At a senior engineer level, the meme captures the cascading frustration of iOS developers dealing with Swift version incompatibilities across Xcode versions. The left side shows a series of Xcode alert dialogs, each essentially saying “I can’t work with this code – go use an older Xcode to update it first.” It’s a comedic exaggeration of a real phenomenon in IOS development around 2017-2019: if you had a codebase or library written in an older Swift (say Swift 2 or Swift 3) and you tried to open or build it with a newer Xcode (which expects Swift 5 or Swift 4 code), you’d get exactly these kinds of errors. The developer in the meme starts optimistic: “I will try this Swift library with my Xcode 11.x” – which was current around 2019/2020 – only to be slapped with “Unsupported Swift Version… Use Xcode 10 to migrate the code to Swift 4.” In other words, Xcode 11 refuses to even compile Swift 3.x code; it’s telling our dev to take a step back, use the previous generation tool to do a Swift migration. So the dev sighs and says “Alright, with 10.1 then…”. They install/run Xcode 10.1 (an older IDE) to try and update the code. But lo and behold, the second dialog appears: “Unsupported Swift Version… Use Xcode 9 to migrate the code to Swift 3.x.” Now it’s clear this code must be even older (perhaps Swift 2.x), because Xcode 10 can’t handle that either – it wants Xcode 9 to bridge the gap.
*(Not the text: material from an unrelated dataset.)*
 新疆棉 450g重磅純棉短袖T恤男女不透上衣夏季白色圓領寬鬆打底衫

This is the downgrading Xcode spiral: you keep discovering you must leap further back in time to find a tool that understands the ancient language dialect your library is written in.
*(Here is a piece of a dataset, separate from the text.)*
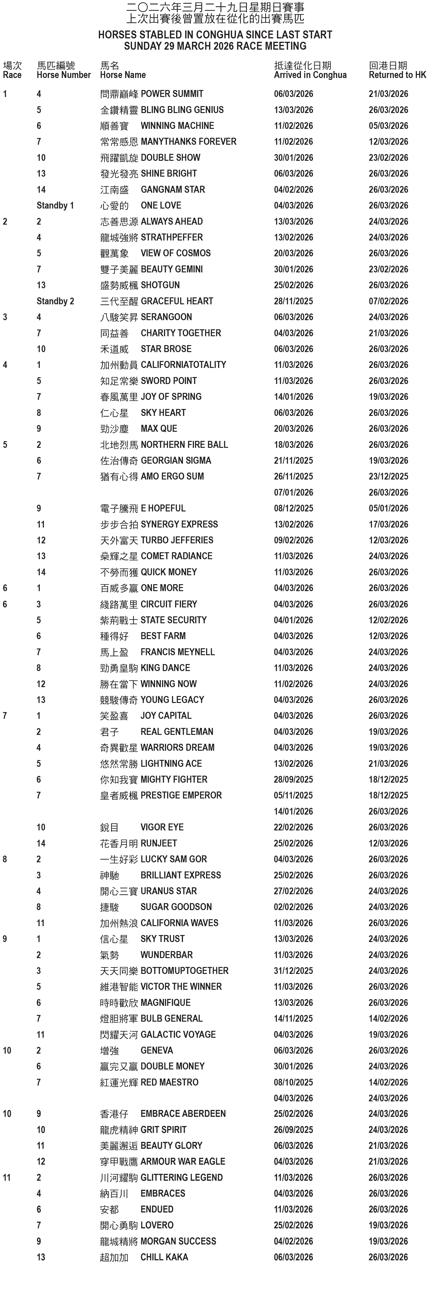 Horses stabled in Conghua since last start – Sunday 29 March 2026 Race Meeting

The right half of the meme provides the punchline: a happy-go-lucky shrugging office guy labeled "ObjC" (Objective-C) with a look of cheesy delight. Objective-C is the old-school programming language for Apple platforms that Swift was meant to replace. The meme’s text says, “When Xcode forces you to downgrade until ObjC feels safe again.” The humor (and pain) here comes from the irony that after fighting with Swift version hell, the developer is essentially pushed back into the arms of Objective-C, the very thing Swift was supposed to save us from. It’s like saying: “Swift’s version fragmentation got so bad that using good old Objective-C – with all its clunky syntax and manual memory management – actually feels like the safer, simpler choice.” For a seasoned developer, that’s hilarious because it’s a reversal of the expected direction. Normally we move forward to newer languages for safety and productivity; here we retreat backward because the bleeding-edge has cut us one time too many.
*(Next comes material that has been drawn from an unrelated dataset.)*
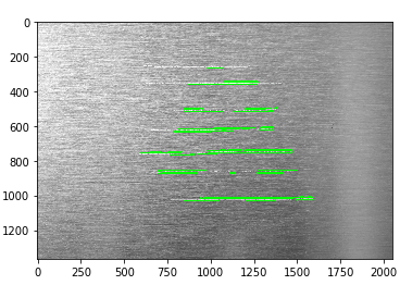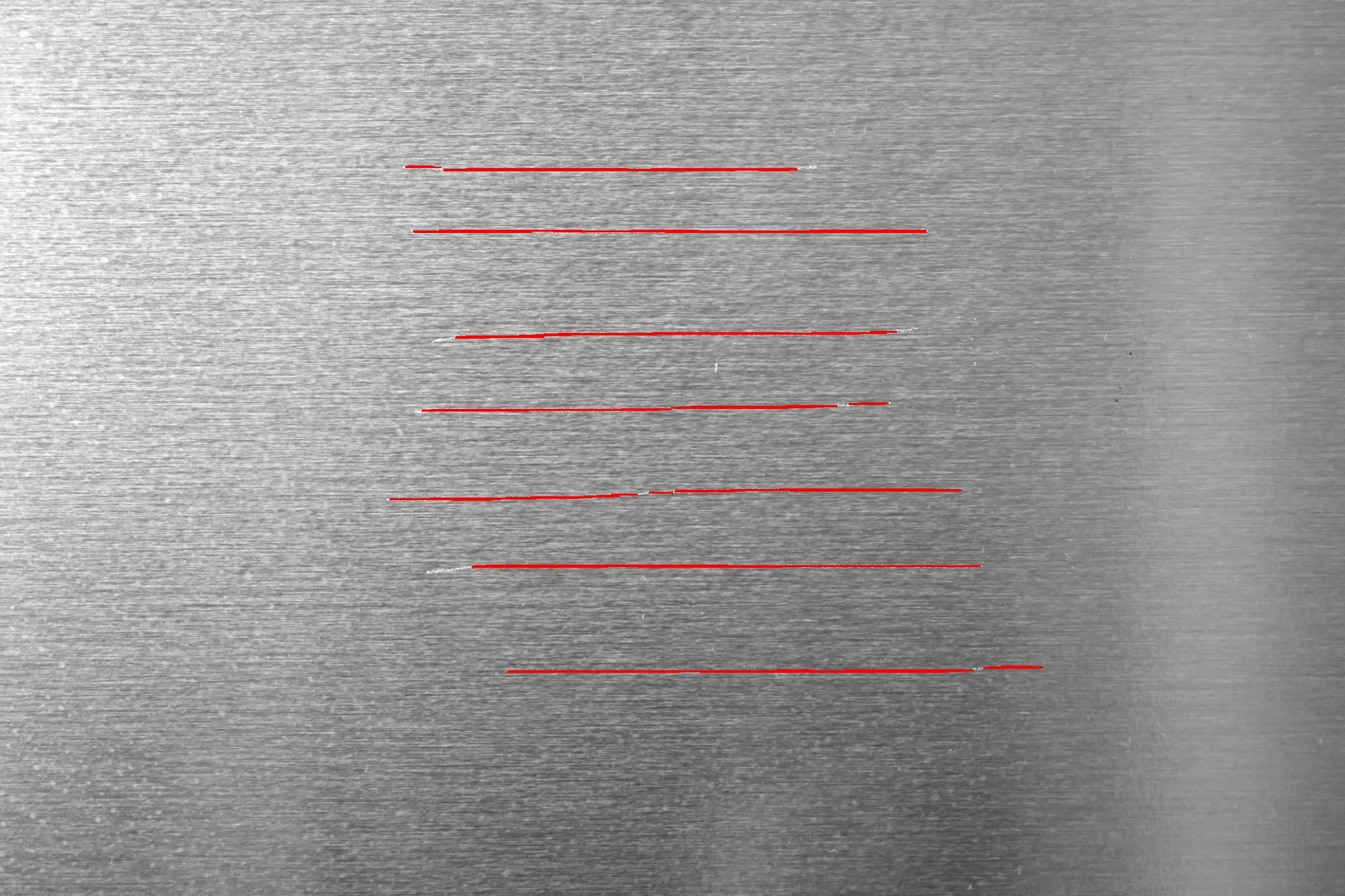 首先,这是我的原始图像,我试图检测缺陷(平行线)在刷铝表面。
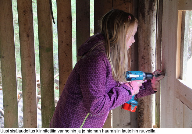 Kun kaikki vuosikymmenien aikana liiteriin kannettu tavara oli viimein saatu ulos, oli jäljellä harvaan laudoitetut seinät, peltikatto ja maalattia. Siitä oli hyvä aloittaa.

This resonates with anyone who has dealt with dependency hell or version fragmentation in any ecosystem. In backend development you might struggle with incompatible library versions or a need for an old version of Python for that one script; in front-end, maybe an old AngularJS project that won’t run on newer Node without tweaks. In the Apple ecosystem, it manifests as toolchain lock-in: Xcode tightly couples with Swift versions. Swift 3, Swift 4, Swift 5 aren’t seamlessly cross-compatible, and Apple decided to enforce one-way migrations. So if you find a cool open-source Swift library on GitHub that hasn’t been updated in years, integrating it can turn into an archeological expedition. Senior devs reading this meme nod knowingly because they’ve either had to:

  • Migrate code in steps: fire up older Xcodes to convert Swift 2 -> 3, then 3 -> 4, then open in latest Xcode for 5. It’s as fun as it sounds – like upgrading a rusty old car one part at a time.
  • Maintain multiple Xcode versions side-by-side. (Yes, you can have Xcode 9, 10, 11 all installed, each ~ several GBs, just to build different projects – “welcome to iOS dependency hell!”).
  • Or give up on the Swift library and look for an alternative (maybe an Objective-C library that, while older, will compile anywhere because Objective-C’s ABI and syntax haven’t radically changed).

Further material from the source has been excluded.